_WHAT YOU ARE ASKED TO DO_
Give back each line of the data exactly as it reads, minus the pictures.

─── EXERCISE DATA ───

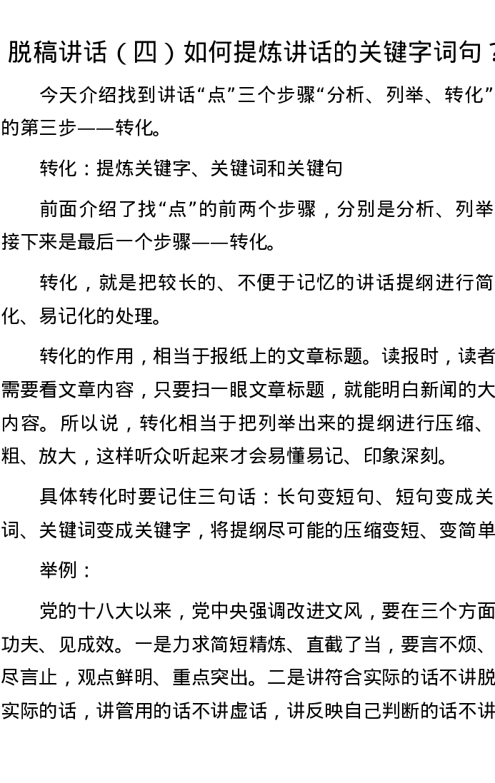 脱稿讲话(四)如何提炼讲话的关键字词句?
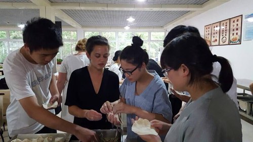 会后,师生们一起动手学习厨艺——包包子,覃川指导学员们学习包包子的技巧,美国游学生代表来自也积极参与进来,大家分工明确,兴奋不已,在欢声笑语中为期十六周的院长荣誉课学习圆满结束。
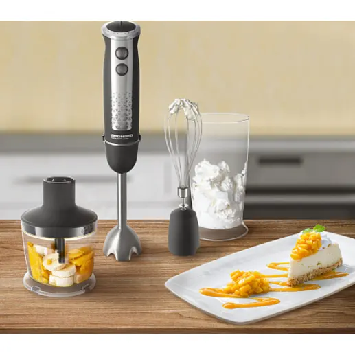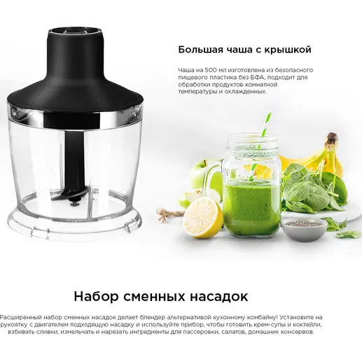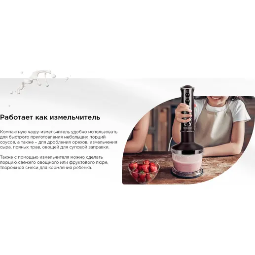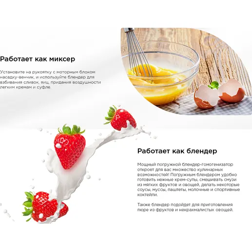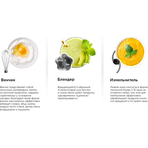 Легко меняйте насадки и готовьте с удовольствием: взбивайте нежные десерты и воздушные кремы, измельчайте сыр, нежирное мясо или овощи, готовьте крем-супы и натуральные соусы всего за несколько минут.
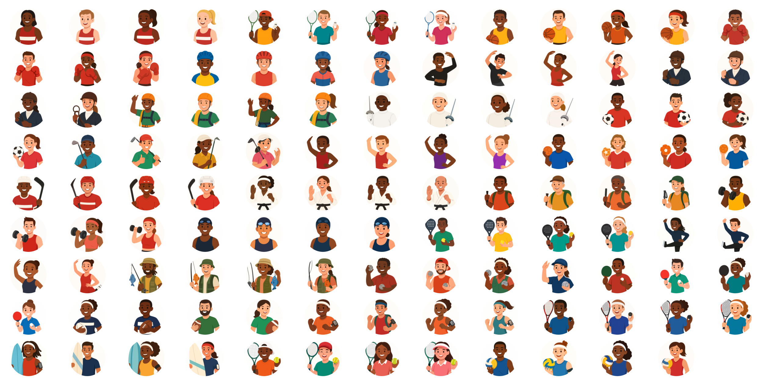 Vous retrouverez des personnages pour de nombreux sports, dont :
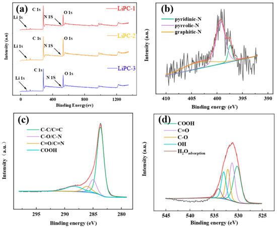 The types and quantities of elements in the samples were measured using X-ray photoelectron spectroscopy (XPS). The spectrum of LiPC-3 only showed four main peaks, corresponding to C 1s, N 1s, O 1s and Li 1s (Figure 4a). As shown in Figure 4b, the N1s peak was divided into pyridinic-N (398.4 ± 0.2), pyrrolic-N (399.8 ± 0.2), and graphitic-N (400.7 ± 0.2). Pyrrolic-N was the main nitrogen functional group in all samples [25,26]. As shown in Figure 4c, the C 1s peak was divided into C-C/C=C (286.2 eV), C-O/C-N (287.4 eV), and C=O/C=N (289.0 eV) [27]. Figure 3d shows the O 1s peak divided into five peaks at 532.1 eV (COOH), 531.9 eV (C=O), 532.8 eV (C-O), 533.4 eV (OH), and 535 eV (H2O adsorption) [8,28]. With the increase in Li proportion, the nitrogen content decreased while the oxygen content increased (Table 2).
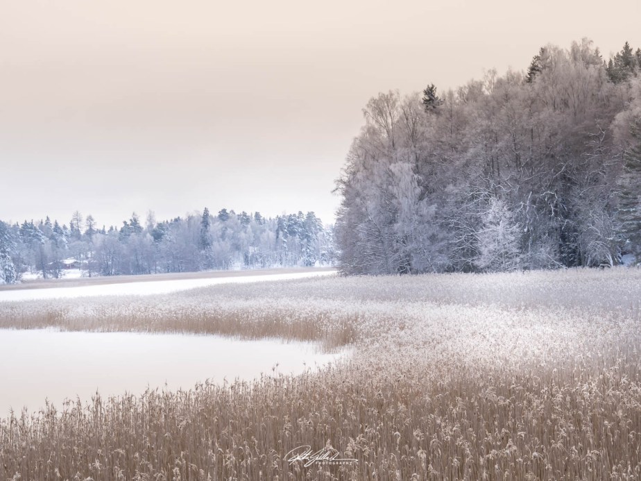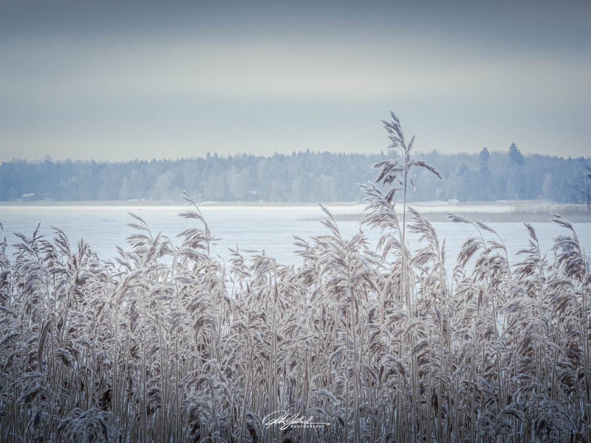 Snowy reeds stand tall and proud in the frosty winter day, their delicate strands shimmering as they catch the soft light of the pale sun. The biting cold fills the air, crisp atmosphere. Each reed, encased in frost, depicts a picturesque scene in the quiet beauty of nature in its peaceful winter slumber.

───

_COMPLETED EXERCISE_
 脱稿讲话(四)如何提炼讲话的关键字词句?
 会后,师生们一起动手学习厨艺——包包子,覃川指导学员们学习包包子的技巧,美国游学生代表来自也积极参与进来,大家分工明确,兴奋不已,在欢声笑语中为期十六周的院长荣誉课学习圆满结束。
 Легко меняйте насадки и готовьте с удовольствием: взбивайте нежные десерты и воздушные кремы, измельчайте сыр, нежирное мясо или овощи, готовьте крем-супы и натуральные соусы всего за несколько минут.
 Vous retrouverez des personnages pour de nombreux sports, dont :
 The types and quantities of elements in the samples were measured using X-ray photoelectron spectroscopy (XPS). The spectrum of LiPC-3 only showed four main peaks, corresponding to C 1s, N 1s, O 1s and Li 1s (Figure 4a). As shown in Figure 4b, the N1s peak was divided into pyridinic-N (398.4 ± 0.2), pyrrolic-N (399.8 ± 0.2), and graphitic-N (400.7 ± 0.2). Pyrrolic-N was the main nitrogen functional group in all samples [25,26]. As shown in Figure 4c, the C 1s peak was divided into C-C/C=C (286.2 eV), C-O/C-N (287.4 eV), and C=O/C=N (289.0 eV) [27]. Figure 3d shows the O 1s peak divided into five peaks at 532.1 eV (COOH), 531.9 eV (C=O), 532.8 eV (C-O), 533.4 eV (OH), and 535 eV (H2O adsorption) [8,28]. With the increase in Li proportion, the nitrogen content decreased while the oxygen content increased (Table 2).
 Snowy reeds stand tall and proud in the frosty winter day, their delicate strands shimmering as they catch the soft light of the pale sun. The biting cold fills the air, crisp atmosphere. Each reed, encased in frost, depicts a picturesque scene in the quiet beauty of nature in its peaceful winter slumber.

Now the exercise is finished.